Родной капризный голос напомнил ей детство, и, выронив книгу из рук, она бросилась ему на шею.
Ленглей сознался, что голоден, и Гонора помчалась готовить обед. Отец удобно устроился за кухонным алюминиевым столиком и, потягивая виски, оставшееся от Курта, рассказывал ей семейные новости. Джоселин перешла в новую школу и отлично учится, Кристал блистает на Клей-стрит.
— Сейчас с помощью известной американской фирмы она заново отделывает особняк, — добавил Ленглей.
Он с аппетитом съел баранью отбивную, которую Гонора приберегла себе на завтра, кусочками хлеба вычистил тарелку и явно остался доволен.
— Как твои издательские дела? — спросила Гонора, чистя картофель.
— Мои дела подождут. Сейчас я в отпуске. Расскажи мне о работе Курта.
Гонора начала рассказывать о пустынной земле, покрытой песками, которые надо закрепить, о строительстве асфальтовой дороги через эти зыбучие пески, о трудностях, с которыми придется столкнуться Курту.

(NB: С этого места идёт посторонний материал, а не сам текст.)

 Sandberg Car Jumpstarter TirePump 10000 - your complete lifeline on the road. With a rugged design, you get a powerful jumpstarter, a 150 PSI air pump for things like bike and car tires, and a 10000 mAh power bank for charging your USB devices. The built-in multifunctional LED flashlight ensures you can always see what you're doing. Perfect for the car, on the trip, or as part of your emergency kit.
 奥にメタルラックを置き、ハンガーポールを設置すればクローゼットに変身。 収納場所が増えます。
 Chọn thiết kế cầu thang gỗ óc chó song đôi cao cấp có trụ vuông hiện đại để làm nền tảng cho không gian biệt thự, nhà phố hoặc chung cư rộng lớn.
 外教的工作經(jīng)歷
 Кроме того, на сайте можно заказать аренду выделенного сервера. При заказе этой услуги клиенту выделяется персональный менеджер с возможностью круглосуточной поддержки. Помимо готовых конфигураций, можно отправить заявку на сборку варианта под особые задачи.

— Аравийские пески! — воскликнул Ленглей. — Мне всегда хотелось побывать в тех краях! Но скажи, как Курт мог оставить тебя в твоем положении?
— Я ему не сказала о ребенке.
Ленглей вылил в стакан остатки виски и поставил пустую бутылку на подоконник.
— Черт возьми, Гонора, — воскликнул он, — как ты могла скрыть такое от своего мужа?
— Он бы тогда остался дома, а эта работа очень важна для его дальнейшей карьеры.
— И все же… ты обязана поставить его в известность. — Глаза Ленглея увлажнились, и Гонора поняла, что он вспомнил о матери, умершей при родах.
Вздохнув, Гонора помешала картофельные чипсы.
— Я напишу ему в самое ближайшее время. Папа, ты погостишь у меня?
— Здесь так тесно.
— Я буду спать на раскладушке, а ты займешь мою кровать.
— Может, мне лучше остановиться в гостинице? — спросил нерешительно Ленглей.
Гонора посмотрела на отца — старая вытертая рубашка, плохо отглаженный воротничок. Жалость сжала ей сердце.
— Папа, ты проехал сотни миль, чтобы повидаться со мной! О какой гостинице ты говоришь? Об этом не может быть и речи.
В последующие дни Гонора возила отца осматривать город. Она чувствовала себя узником, вырвавшимся из заточения, и была очень счастлива.